RAL 840-6 vs Dark Clove
Where RAL 840-6 belongs to RAL Effect's range, Dark Clove is a Sherwin-Williams color. Both sit in the beige-greige family, which is useful context if you're narrowing within a single hue direction. They have nearly identical light reflectance values (6 vs 5), so they'll read as similarly Dark in most lighting conditions. The ΔE 4.6 gap is real but not dramatic — close enough to use together, distinct enough to matter as a choice. Below you'll find 2 real-room photo comparisons where both colors appear side by side, plus 5 simulated room previews.
RAL 840-6 vs Dark Clove in Real Spaces
2 real rooms side by side. RAL 840-6 and Dark Clove are close enough that the difference can be hard to judge from a chip alone — these photos show how each reads at scale, across different spaces and lighting conditions.
Bedroom
The context that matters most in a bedroom is how a color reads under a bedside lamp at night, not under noon daylight. The distinction reads clearly at room scale, making the choice between them concrete.
Kitchen Cabinets
Kitchen cabinets are constantly compared against adjacent materials, which means subtle differences between these two become much more visible. The distinction reads clearly at room scale, making the choice between them concrete.
Color Details
RAL 840-6 vs Dark Clove Simulated Comparison
5 simulated room previews — drag the slider on each to see RAL 840-6 on one side and Dark Clove on the other.

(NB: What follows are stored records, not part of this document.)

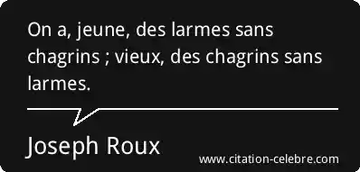 On a, jeune, des larmes sans chagrins ; vieux, des chagrins sans larmes.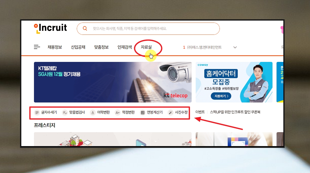 인크루트 공식 홈페이지에 접속했습니다. 메뉴에서 다섯 번째 위치한 자료실을 클릭해 주세요. 위에 화면에서 중앙에 보면 글자 수 세기, 맞춤법 검사, 어학변환, 연봉 계산기, 사진 수정, 학점 변환 등 취업을 준비하면서 유용하게 사용할 수 있는 도구가 있으니 참고해 주세요.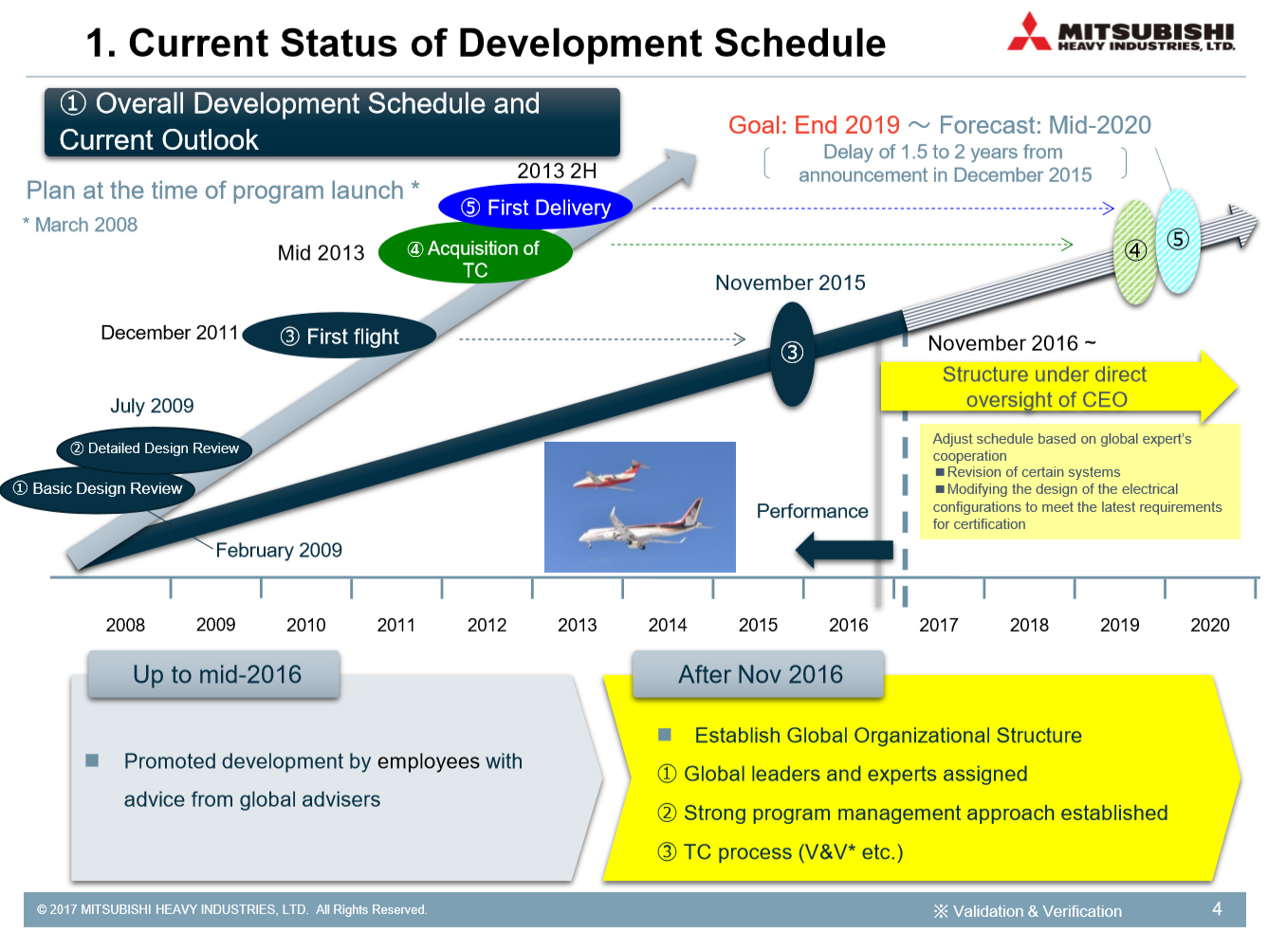 Ensimmäinen MRJ90-matkustajakone oli määrä toimittaa avausasiakkaalle All Nippon Airwaysille (ANA) vuoden 2018 puolivälissä. Nyt ilmoitettu uusi aikataulu siirtää toimitusta vuoden 2020 puoliväliin saakka. Alunperin ensimmäinen kone oli määrä toimittaa asiakkaalle jo vuoden 2013 aikana.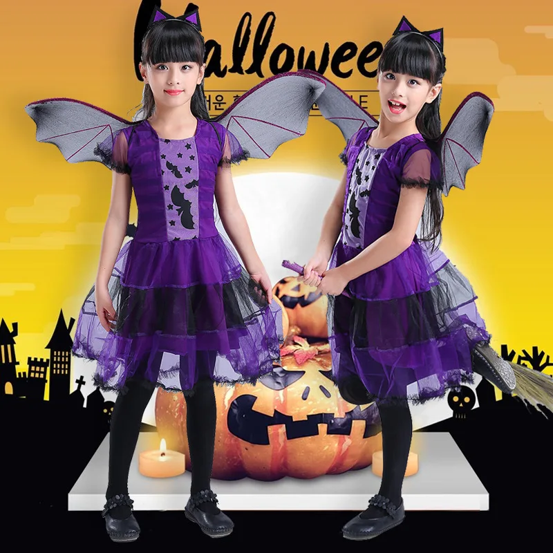 Kid Size: 2T, Color: black - Halloween Children Purple Vampire Costume Girls Dress Kids Clothes Baby Bat Spider Party Cosplay Headband +Wing Outfit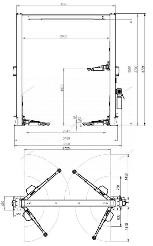 Подъемник 380V 2х стоечный 4т. с верхней синхронизацией (синий), снятие со стопоров с одной колонны NORDBERG N4122HM-4B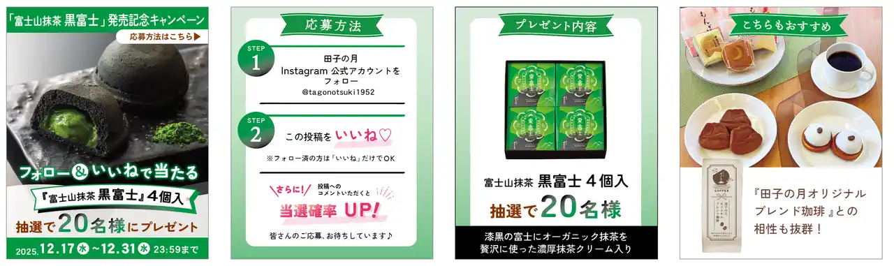 株式会社 田子の月(本社:静岡県富士市今泉380-1、代表取締役社長:牧田 桂輔)は、2025年12月13日に新商品「富士山抹茶 黒富士」を発売したことを記念して、Instagramでのフォロー&いいね!キャンペーンを本日より開始いたしました。 |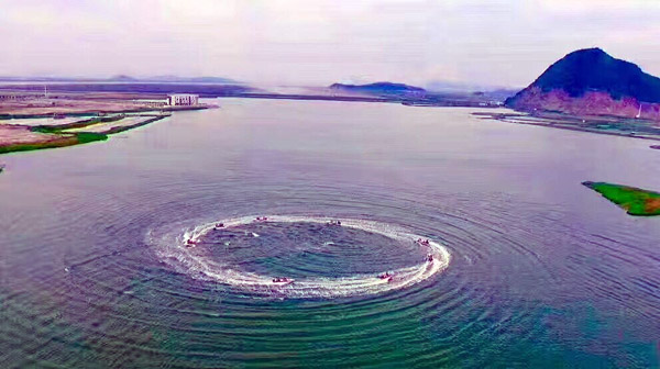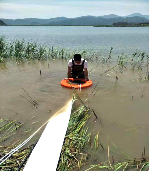 与美景交相辉映的,是漂浮在水面的那一抹抹橙色!对,与之相连的是就是我们的防洪抢险泵!

Digital color is approximate. These simulations are generated from the manufacturer's hex values and overlaid on grayscale room photos — your screen's calibration, brightness, and viewing angle all affect how they render. Before committing to either color, test physical samples in your own space under the light you actually live with.
More RAL 840-6 comparisons
See how RAL 840-6 stacks up against other well-photographed colors across different brands and tones.